The funny thing about regret is that it is pointless. We will gain nothing by dwelling on what we didn’t do. We cannot change the past. We can only learn from the past and create our future. One of my favorite quotes is, “Those who don’t create the future they want, must endure the future they get.” I am on this journey of dealing with grief and regret, that is true. Right now, I can’t change that path. If you are on this journey, let me encourage you, today, “don’t miss the drive.” Don’t miss out on the special moments that are around you right now, wondering what is to come in your future. Don’t let your grieving rob you of those who are still alive and can bring so much joy to life. And, you can bring joy to their lives.

Solomon ends Ecclesiastes by saying,

“The last and final word is this: Fear God. Do what he tells you. And that’s it. Eventually God will bring everything that we do out into the open and judge it according to its hidden intent, whether it’s good or evil.” (Eccles. 12:13b-14, The Message)

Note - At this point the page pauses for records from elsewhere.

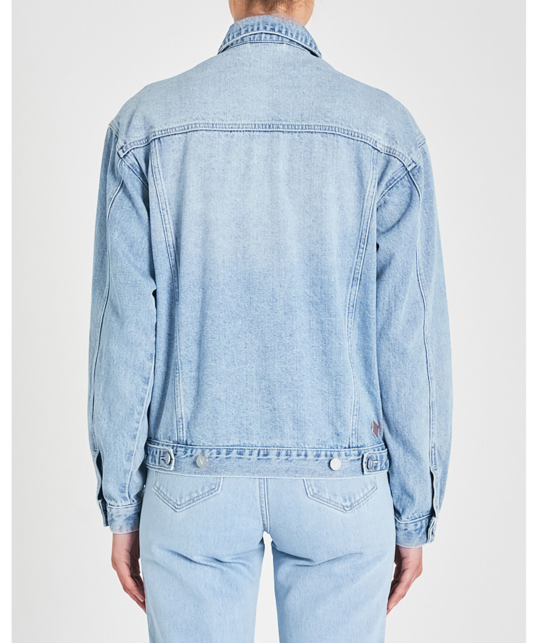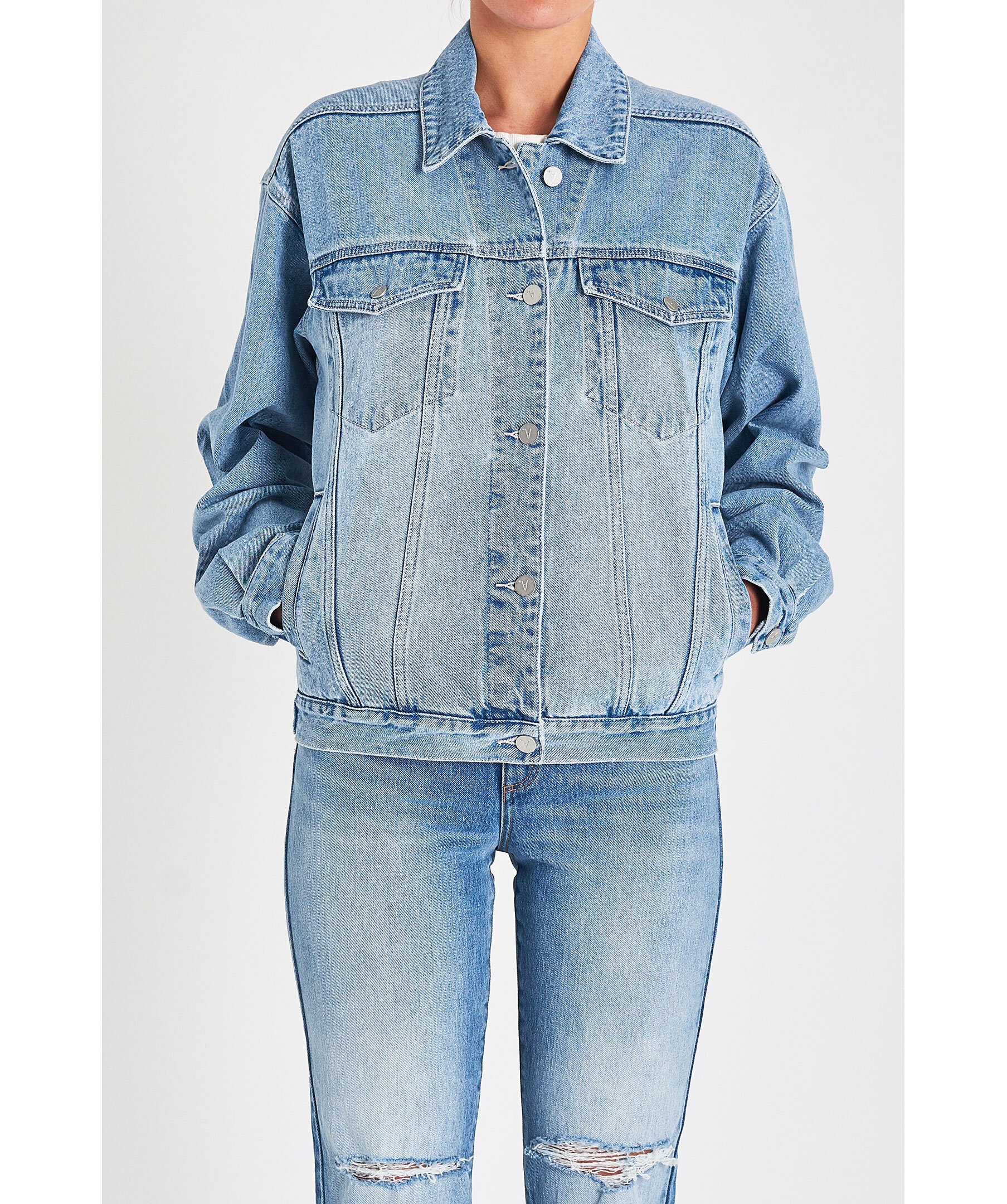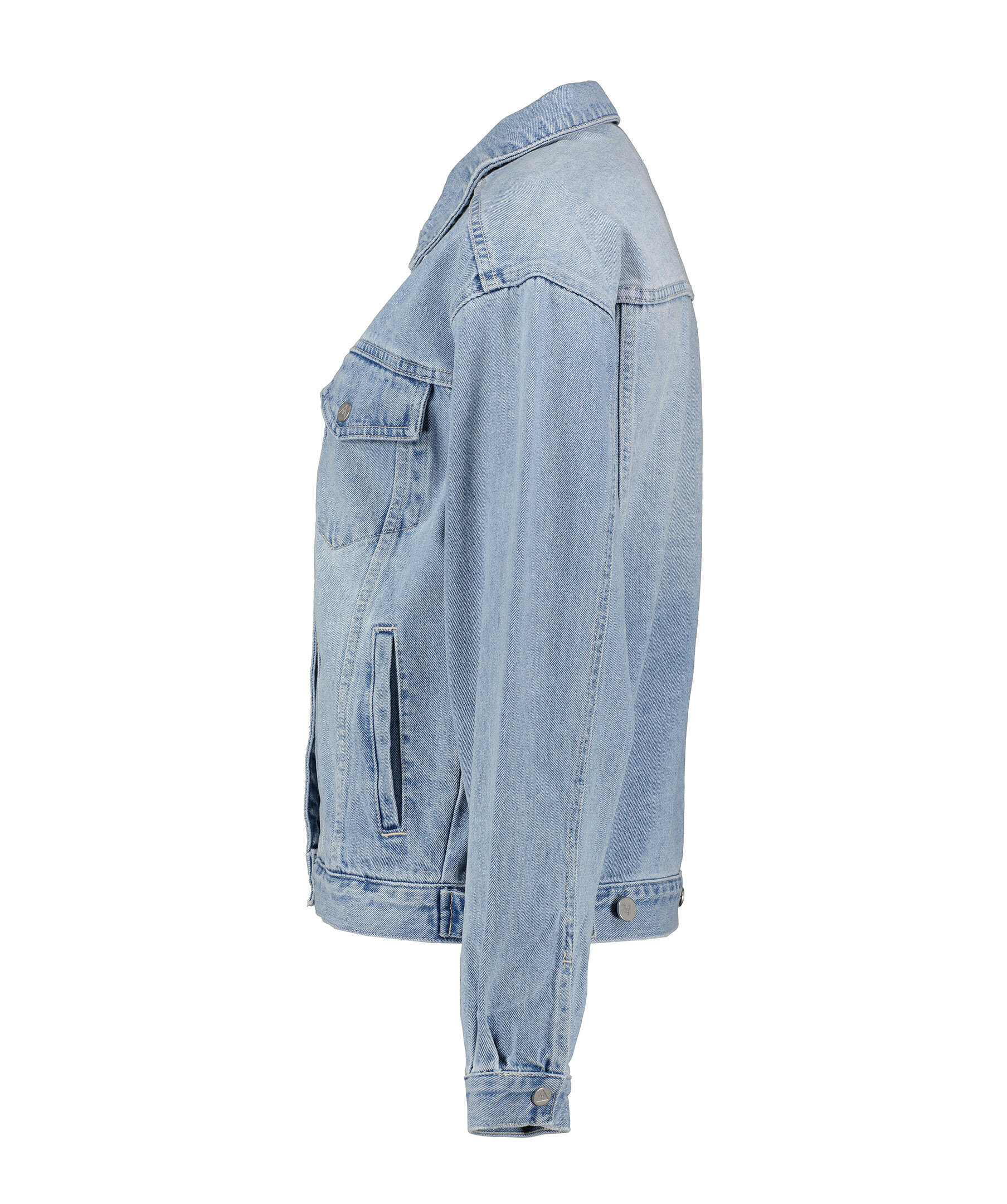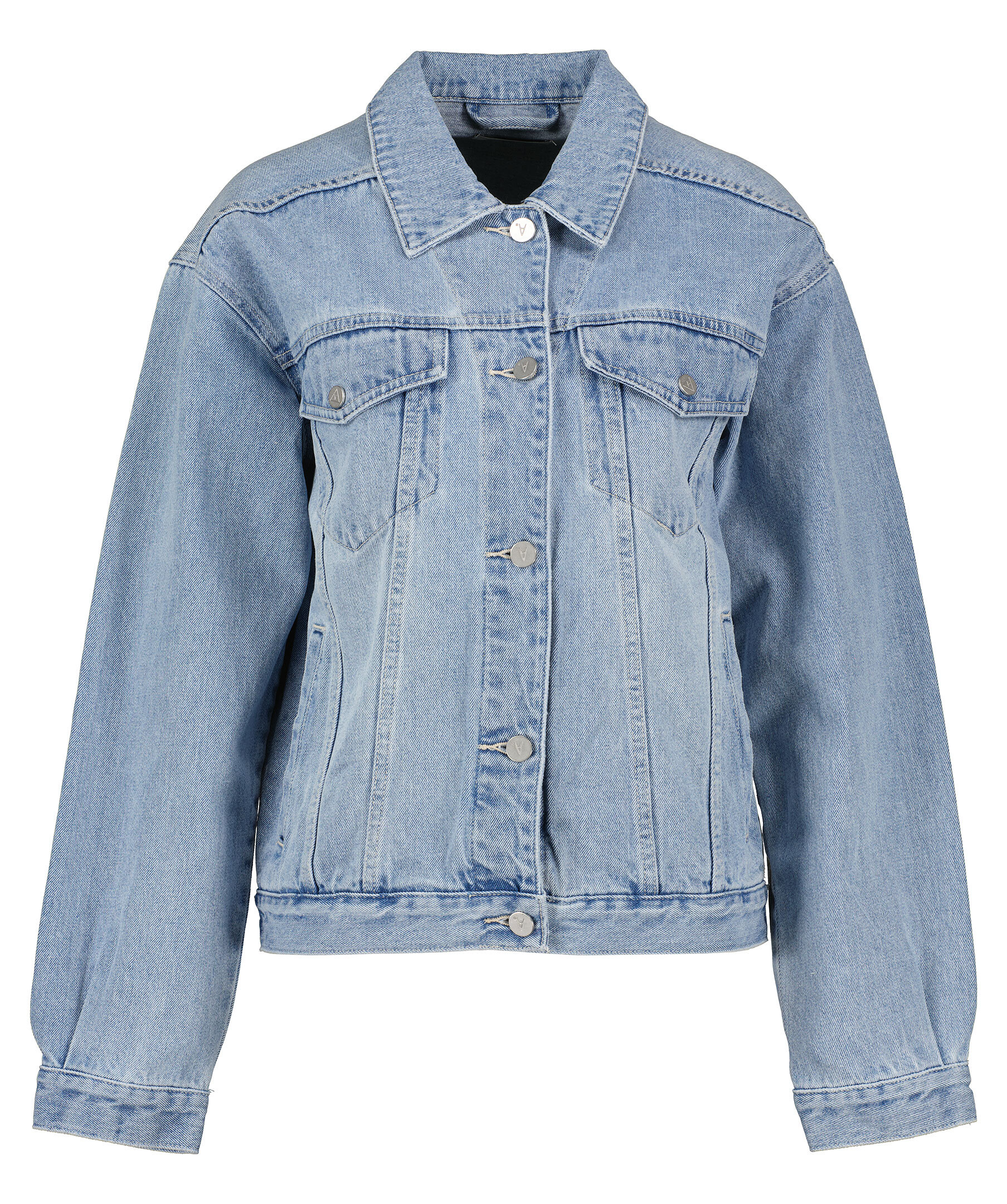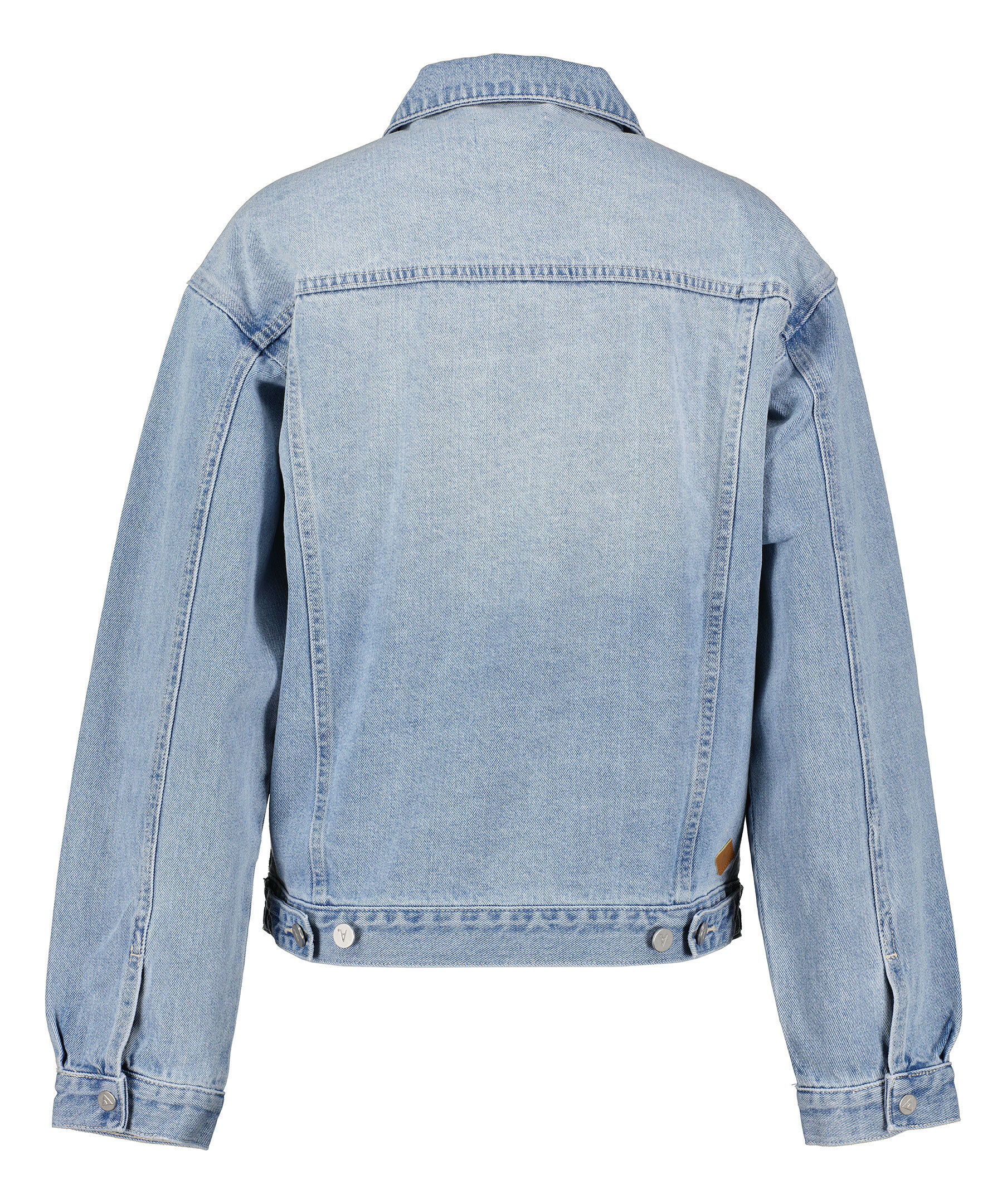 Blå oversized jeansjacka från Abrand. Stängs framtill med knappar. Två fickor framtill, två bröstfickor med lock som stängs med knapp. Justerbar vid jackslut. Liten patch i läder med logotyp på höger sida av jackan.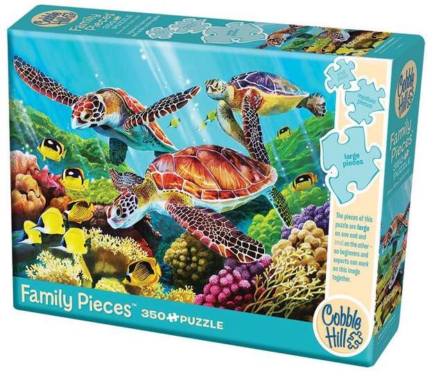 A puzzle egyaránt tartalmaz nagy, közepes és kicsi darabokat, így igazán egyedülálló élményt nyújt mindenkinek. Ideális kicsiknek és nagyoknak, illetve azoknak, akik ritkán kirakóznak.  A képen egy nyüzsgő tengeri életkép látható, ahol három teknős úszik a tengerben, körülöttük nyüzsögnek a színes kishalak, illetve minden színben játszik a korall. Cobble Hill 350 db-os Family puzzle - Molokini Current (47020)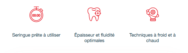 Facile – La seringue prête à l’emploi permet une extrusion facile directement dans les canaux et vous maintenez votre technique d’obturation préférée.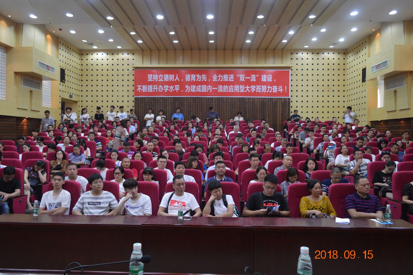 在图书馆二报告厅召开了2018级新生家长见面会。本次会议由学院党总支书记苏哲民主持。学院领导、教研室主任、全体辅导员、新生班主任和朋辈导师参加了见面会,与近两百位新生家长进行了热烈交流。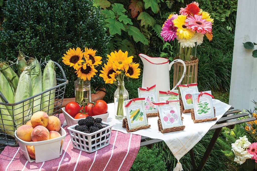 The most charming of all is a display of party tokens for guests—seed packets ready for planting—perched alongside just-picked tomatoes, sweet corn, ripe peaches, and luscious berries. Find the full menu on the next page.
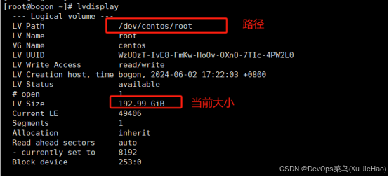 如图,/dev/centos/root 是当前逻辑卷LV的挂载路径。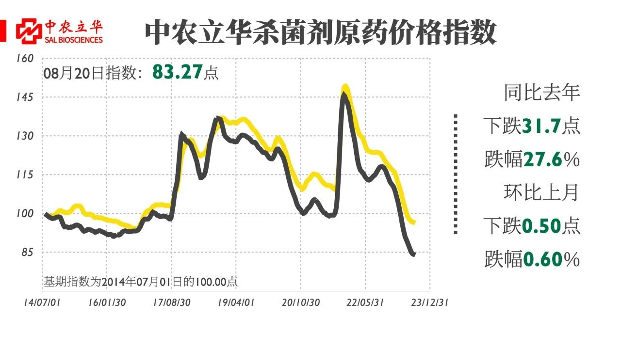 2023年8月20日,中農(nóng)立華殺菌劑原藥價(jià)格指數(shù)報(bào)83.27點(diǎn),同比去年大跌27.6%,環(huán)比上月跌幅0.60%。殺菌劑市場(chǎng)維持弱勢(shì)運(yùn)行態(tài)勢(shì),需求穩(wěn)定釋放,部分品種廠家開(kāi)工率降低,原材料價(jià)格有所上行,市場(chǎng)關(guān)注度及補(bǔ)貨意愿強(qiáng)。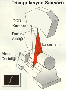CCD kameraları, laserden belli uzaklıkta olan parça üzerinden yansıyan laser ışınının ışığını yakalamaktadır. Laser çizgisinin X,Y,Z koordinatları trigonometrik olarak hesaplanabilmektedir.
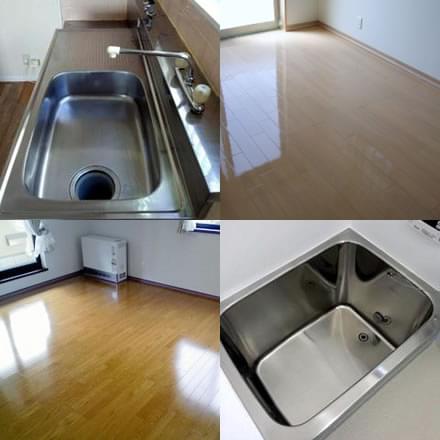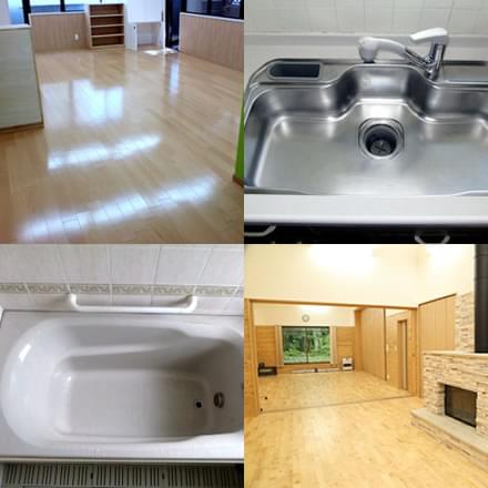 フロア、キッチン、水回りをコーティング。新築時にはキレイな期間を長くするために。 古くなってきたフロアもコーティングすることで 新築時のピカピカが蘇ります。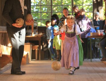 Am Sonntag können Besucherinnen und Besucher auf der historischen Kegelbahn am Salettl kegeln wie anno dazumal (14 bis 15 Uhr), das heißt mit Holzkugeln und -kegeln, auch das Aufstellen der Kegel erfolgt von Hand! Mit den eigenen Händen wird auch in der Seilerei gearbeitet: Dort braucht Seilerin Edith Propst Hilfe beim Drehen von Kälberstricken (13 bis 14 Uhr).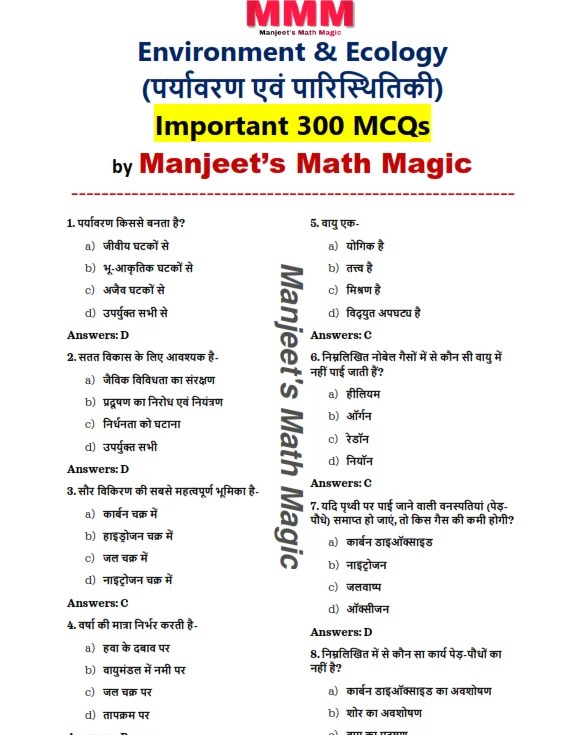 Environment & Ecology-पर्यावरण एवं पारिस्थितिकी 300 MCQs PDF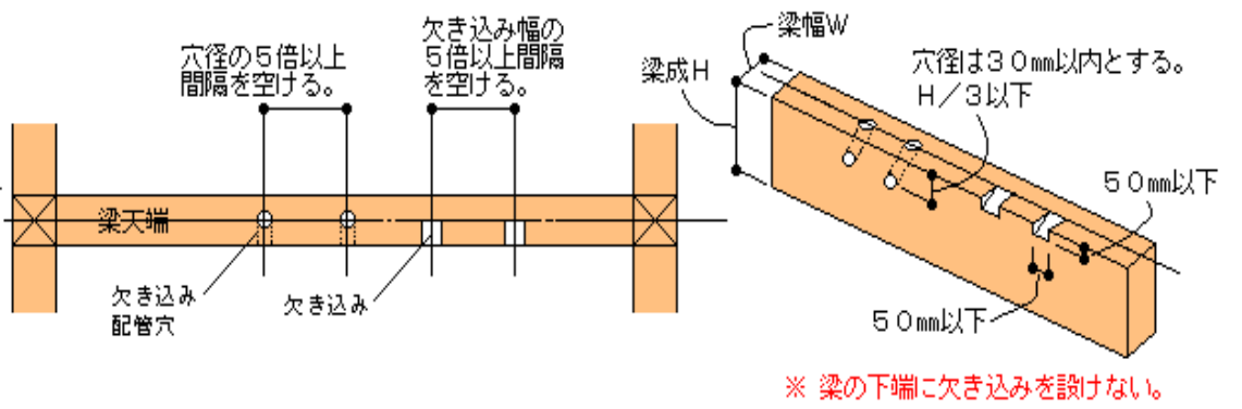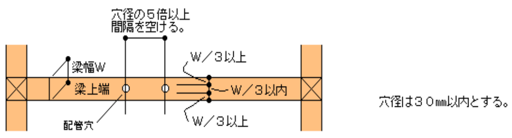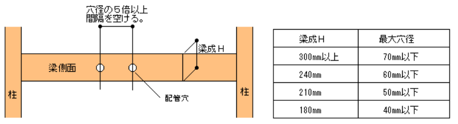 梁、柱貫通は基本NG 〇梁の側面 梁一側面に穴をあける場合は以下の内容を遵守して対応する。 〇梁の天端 梁一天端に書き込みを行う場合は、以下の内容を遵守して対応する。 〇柱の側面 柱一側面に穴をあける場合は以下の内容を遵守して対応する。 屋内給水給湯前の記事 ウレタン吹き付け施工前の注意事項次の記事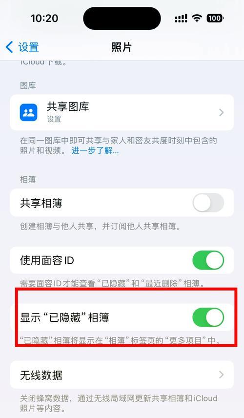 在“照片”设置中,您将看到一个名为“隐藏照片”的选项。通过启用此选项,您将能够访问和查看您隐藏的照片和视频。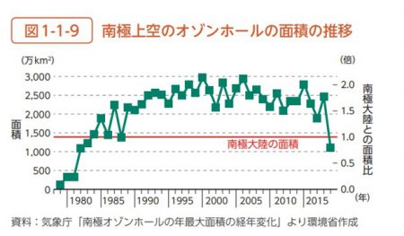 1980年代から90年代にかけて大きく広がったオゾン層の破壊。世界規模での取り組みを行っているが、破壊は今も続いており、有害な紫外線が増加し人体への健康被害などが懸念されている。各国の努力により、横ばいが続いていたオゾンホールの面積が、近年ようやく縮小に向かい、南極大陸の広さを下回り始めた。 令和2年6月 環境省 令和...

Live life! Do the best you can each day. Enjoy each moment and cling to Jesus when those seasons that want to destroy you come. Know that He has a beautiful plan. And, just as my barren tree in the front lawn will be full and green again in a matter of months, so will my life spring forth with good things, blessings, hope and promises fulfilled by my God who truly is perfect and loves me and you.

 

Categories UncategorizedTags , , , , , , ,

2 thoughts on “Don’t Miss The Drive

  1. Sometimes when we write we never really know the impact our words will have.
    I was encouraged by your post in different ways. First when we go through trauma like this we will be changed, and even our faith can be affected. I still believe in God and read the Scriptures, but church for me rings a hollow note. I’m holding back now in ways I don’t really understand.
    That song by Lauren Daigle is one of my absolute favorites. It hits me right where I am.
    And I do think people do not comprehend what some of us go through.
    And finally your point about not missing the beauty is so important to all of us.
    I was the caregiver for my wife, for years, she was so sick with cancer, and the effects of a bone marrow transplant. We thank God she’s still here, even though now she has cancer again.
    Life is beautiful, isn’t it?

    Like

  2. Thanks for sharing. You are correct. We really don’t know the effect or our words, when we write. It certainly helps me to write and just trying to be obedient to what I believe God is wanting me to do by sharing. Sometimes, it’s more personal that I want to share, but if it helps someone, it’s worth it. Life is beautiful, even though we are faced with horrible things like cancer. I, too, feel that “church” has become a little hollow to me. But, I do believe that I’ve grown so much closer to God and have truly seen who are really a support to me and who are not. I’ll be praying for your wife and for you. Savor every moment. Blessings!